Такое же зрелище «сонного царства» ожидало нас и в Петербурге. Площадь перед вокзалом также была усеяна людьми, вяло и бесцельно передвигавшимися. Некоторое оживление замечалось только в кучках вокруг торговцев, продававших яблоки, сомнительного вида сладости, папиросы и т. п. Среди торговцев попадались новые, интеллигентные и аристократические лица – преимущественно женщины, предлагавшие разнообразнейшие вещи домашнего обихода.

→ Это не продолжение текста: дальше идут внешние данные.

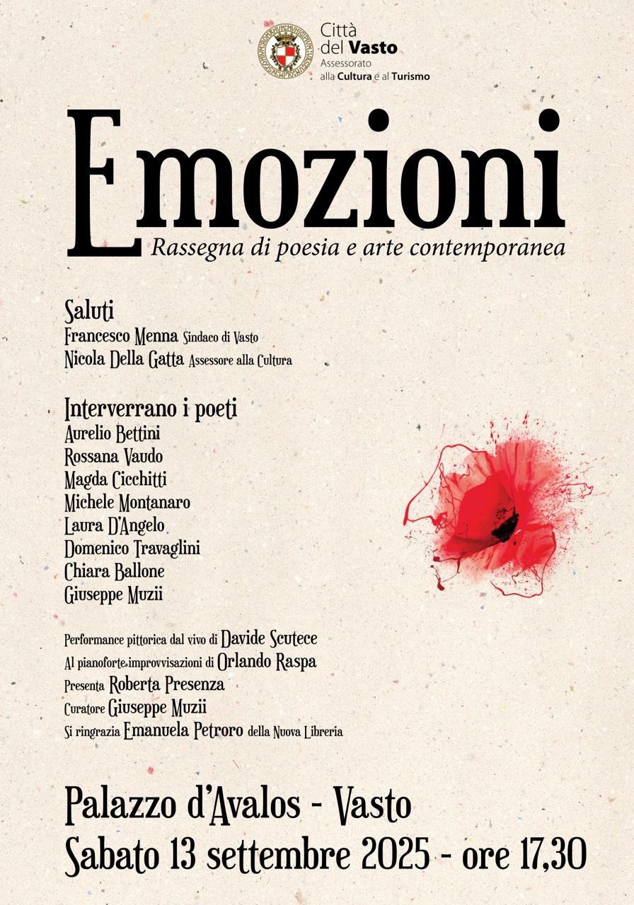 Il 13 settembre 2025, dalle 17:30, Palazzo d'Avalos a Vasto ospita "Emozioni - Rassegna di poesia e arte contemporanea”. L’evento sarà aperto dai saluti istituzionali del sindaco Francesco Menna e dell'assessore alla Cultura e al Turismo Nicola Della Gatta. Interverranno i poeti Aurelio Bettini, Rossana Vaudo, Magda Cicchitti, Michele Montanaro, Laura D'Angelo, Domenico Travaglini, Chiara Ballone e Giuseppe Muzii (curatore della rassegna). L'evento, presentato da Roberta Presenza, vedrà la performance pittorica dal vivo di Davide Scutece e le improvvisazioni al pianoforte di Orlando Raspa.

У сыновей все оказалось благополучно, и квартира оказалась нетронутой, отчасти благодаря тому, что находилась в доме шведской церкви, а главным образом потому, что тогда Петербург начинал уже пустеть: за время нашего отсутствия состоялся перевод столицы в Москву. Это была первая символическая гримаса революции. Я вспомнил мрачное заседание кадетской фракции Совета республики (пресловутого Предпарламента) незадолго перед октябрьским переворотом, когда стало известно намерение Временного правительства эвакуировать Эрмитаж и другие ценности в Москву. Как ярко разгорелись страсти: вернувшийся к кадетам Н. Львов горячо приветствовал это намерение, потому что «давно уже пора бросить Петербург, он язва России». Против него с пламенной речью выступил Ф. И. Родичев, ярый эпигон российского западничества. Эвакуация в Москву ему рисовалась более чреватой последствиями, чем угроза немецкого захвата Петербурга: немцы в столице не останутся, а Москва не отдаст того, что в ее руки попадет. И вот наконец осуществление заветной славянофильской мысли – ликвидировать историческое значение Петербурга, петровского «окна в Европу», история подбросила – кому же? – создателям Третьего Интернационала, относившимся к славянофильским чаяниям с высокомерным презрением. И душа чарующего Петербурга от него сразу отлетела, это болезненно ощущалось на каждом шагу, а травка, пробивавшаяся уже на гранитных мостовых, казалась «травой забвенья», и гвоздило в мозгу название напечатанного в «Речи» фельетона Мережковского: «Петербургу быть пусту…»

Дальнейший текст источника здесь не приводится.